I/O Under Linux

I really didn’t intend to do a post focusing on I/O, an absurdly boring topic to most people, but I’ve recently stumbled across a few related tools that Linux users might find interesting.

  • ionice is standard on newish CentOS, at least. I ran into a situation where I have to back up an active NFS server. This sounds like it could spell disaster, with nfsd needing fast access and rsync wanting to touch hundreds of gigs of data as fast as it can. The nice command is meant to limit number-crunching, not disk-spinning. But never fear: ionice is here! Slapping ionice -c2 -n7 in front of my mammoth rsync seems to have done the trick: NFS stayed peppy for the duration of the transfer.
  • Something that I forget often: if you’re copying files around for the first time, or it’s been so long that the files are wholly different, use straight scp or something similar, not rsync. I don’t have the numbers to back it up, but rsync is good at copying over only what’s changed, but it’s a waste of time if the source and destination files are completely different.

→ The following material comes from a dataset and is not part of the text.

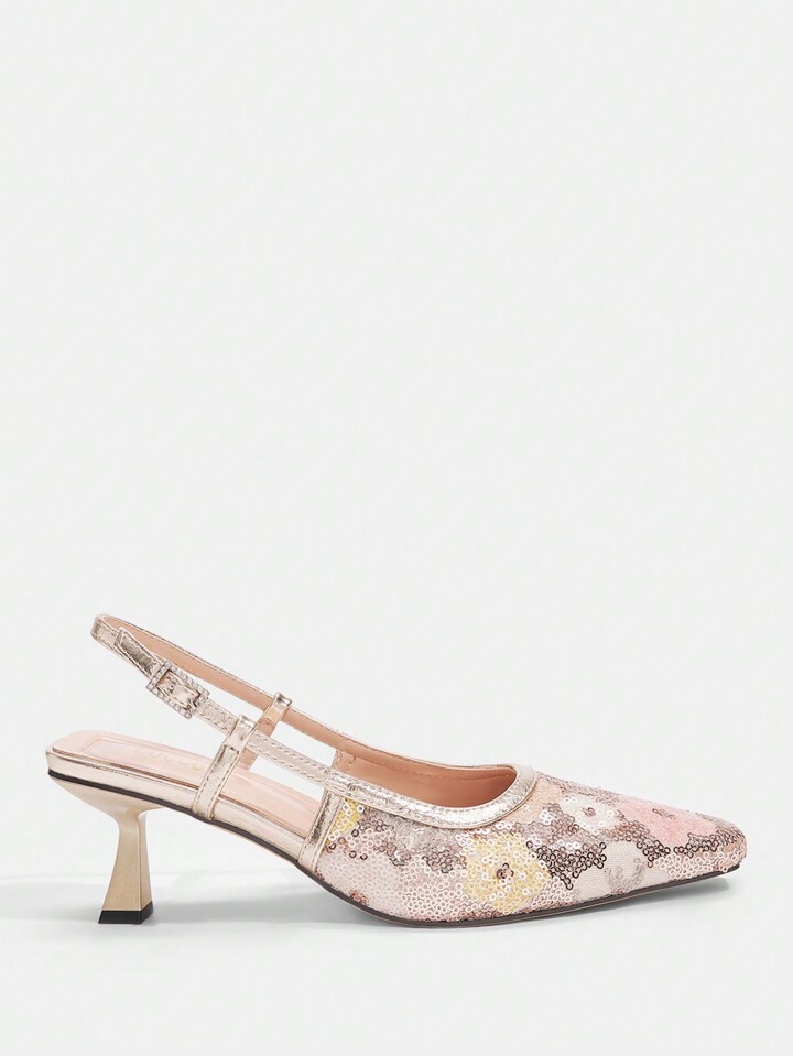 Sexy & Fashionable Champagne Color Sequins Rhinestones Decor Square Toe Casual Slingback High Heel Pumps For Women Spring Shoes Spring Break Easter Prom Heels

  • dstat is a colorful replacement* for iostat. (* because it’s not necessarily a replacement, so much as a tool folding iostat, vmstat, and some others into one.) You can read the man page for dstat to find out plenty, but just typing dstat and letting it run is a good enough starting point. Network and interrupt stats, too!
  • Some of this interest comes from perusing the slideshows on the Percona Conference site. Also worth checking out are their presentation slides in general.